> _Data items_:
=-=-=

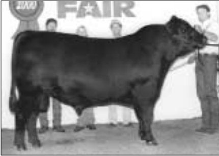
Grand champion bull, Rainbow Saugahatchee 254 , by Rainbow Angus Farms, Ashford. He's a Nov. 1998 son of Leachman Saugahatchee 3000C.
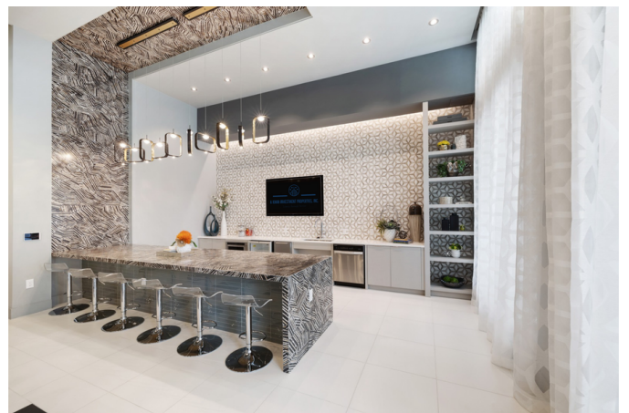
24 of 36
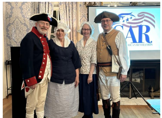
Richard Montgomery Chapter presented a SAR program for the Miami County Historical Society. Nov 21, 2024
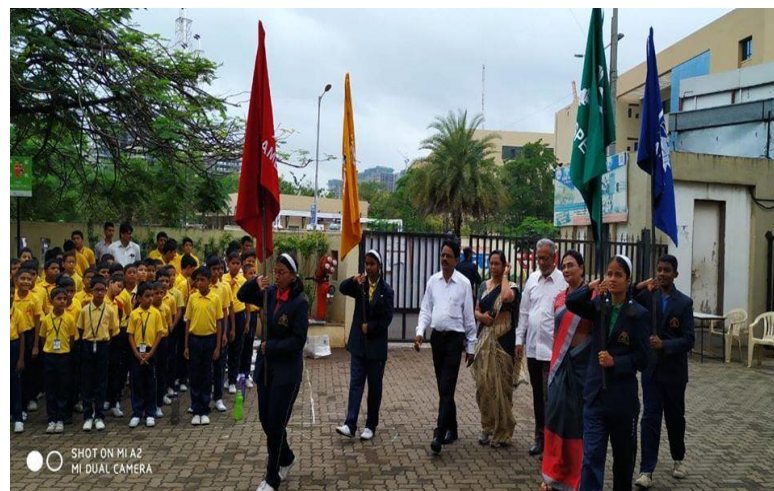
Investiture Ceremony (2019 – 20)
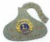
Lot 121 1966 Hershey Kiss Price $ 100 00
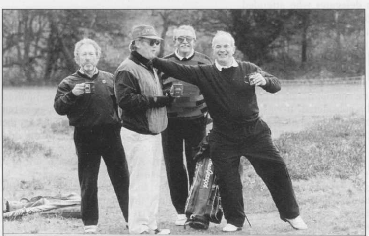
The most popular hole at Walton Heath during the South East Section's Annual Gentlemen's Dinner – the watering hole.

These 12 will represent the North Section in the Scottish Finals in May at Duddingston Golf Club.
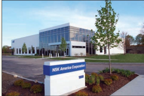
NSK AMERICA CORPORATION – HOFFMAN ESTATES, IL
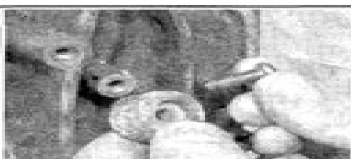
Fig. 27 Most anodes are easily removed by loosening and removing their attaching fasteners
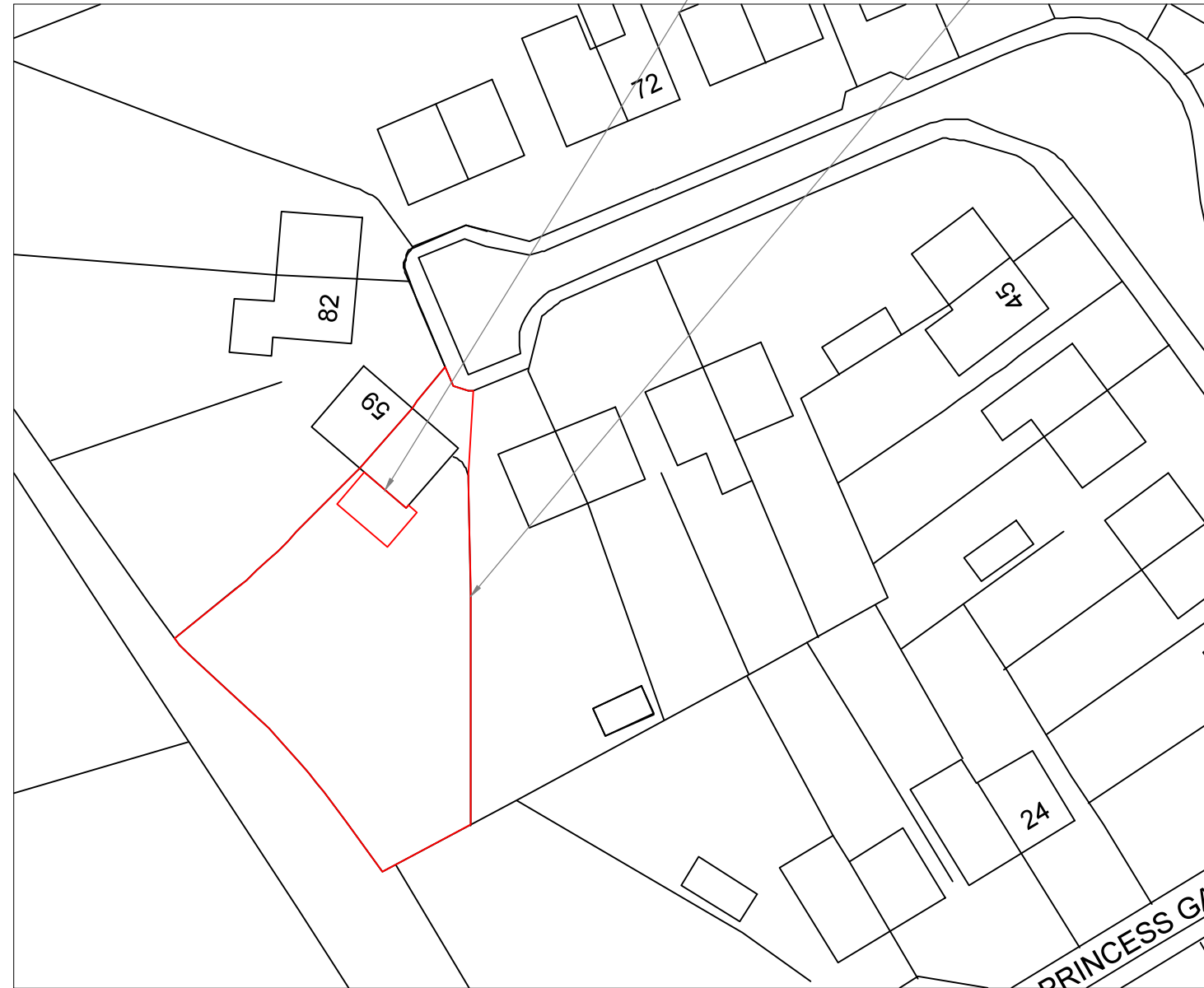
SITE PLAN SCALE 1:500 AT A3
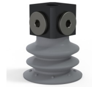
Variant reference: 96 35NR 18D-3-BD

=-=-=

In the entries above, find the line that contains "These 12 will", then repeat exactly every line from the first one through that line, with no pictures.

Grand champion bull, Rainbow Saugahatchee 254 , by Rainbow Angus Farms, Ashford. He's a Nov. 1998 son of Leachman Saugahatchee 3000C.
24 of 36
Richard Montgomery Chapter presented a SAR program for the Miami County Historical Society. Nov 21, 2024
Investiture Ceremony (2019 – 20)
Lot 121 1966 Hershey Kiss Price $ 100 00
The most popular hole at Walton Heath during the South East Section's Annual Gentlemen's Dinner – the watering hole.

These 12 will represent the North Section in the Scottish Finals in May at Duddingston Golf Club.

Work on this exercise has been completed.